Are you trying to imply that we "the educated, modern thinking yadda yadda" girls are different? Well we can't even tell our parents that we're dating forget about letting them know about the drinking, the sex and the rest of the etceteras. The day we can do that, will just be one very small and very basic step.
Thanks for bringing me up to date with Savita Bhabi -- I've been sort of out of the loop for a while. While I really like and agree with your portrayal of life in urban India, and I think I am definitely for the liberalization of sexual politics in India, there's something in your argument that I disagree with.
It's exemplified by this quote, but there are others : "I can’t help but find myself in the cheering section of the brave Indian women (and men) who defy the priggish standards put in place by a system of rule that was not of their own making".
Absolutely, no question, that I too, find myself in this cheering section. The question is whether or not it's relevant to your argument that this Victorian priggish morality has British origins or Vedic origins? Would you say that the morality was 'of their own making' if it had originated in the Vedas and not during British rule? Here is where I would say, it makes no difference whether or not it's in the Vedas. We should be for sexual freedom and against patriarchy regardless of whether such morality is or is not in accordance with local tradition.

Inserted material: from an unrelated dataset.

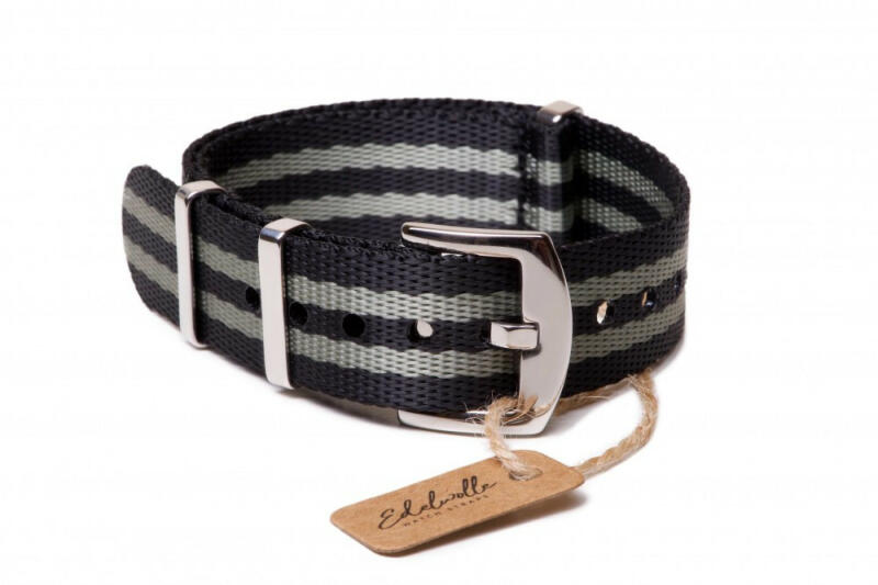 Edelwolle prémium Nato óraszíj, fekete/szürke, 18 mm

In other words, if it turned out that Vedic India was incredibly anti-sex, anti-feminist, and patriarchal, I would be against it and against political movements in India that claim legitimacy by virtue of an oppressive morality of the past. Just as it doesn't make sense to advocate for patriarchy because it's traditional in Europe, and just as we don't couch Feminist arguments 'in the West' as legitimate because they can be found in tradition, we should free ourselves to make political arguments that break with the past and break with tradition.
I recognize your name from various internet brouhahas - you've published/posted all over the place, mostly about people of color and trans people, mostly stirring up resentment and drama. It seems like you can't do it very responsibly or accountably as an "ally", but you keep ploughing on.
I don't even know where to begin...from the use of the word "harlot" to the idea that no one wears sleeveless salwars and the like in Kolkata. Also, "Men here are not even allowed to speak to an Indian woman to whom they are not married or a close relative". Wtf? That's news to me. Can you explain to me how I've gone around in sleeveless salwars and had great conversations with male activists? So you're flat out lying in this piece to capitalize on stereotypes.
You also seem to imply that only you get harassed, like the same shit doesn't happen to Indian women. This also egregiously erases of some of my more traumatizing experiences on the street in Kolkata.
This piece is only meant to reflect on my personal experience as a white American woman who lived in Kolkata for two years, and the conversations I had with other white women as well as desi women. As India is a big country with many different social norms based on geography, class, caste, etc, I have no doubt that my experience and the experiences of the women I befriended are not universal, and I wouldn't be so arrogant as to claim that they are. To address Pantalaimon: yes, Indian women (particularly poor and lower caste women) face much more harassment and abuse from Indian men than western women. That is undeniable. That said, I believe there is something beneficial in everyone sharing their stories and for those stories to be examined and valued and validated for what they are -- not dismissed for what they are not (e.g., universally applicable).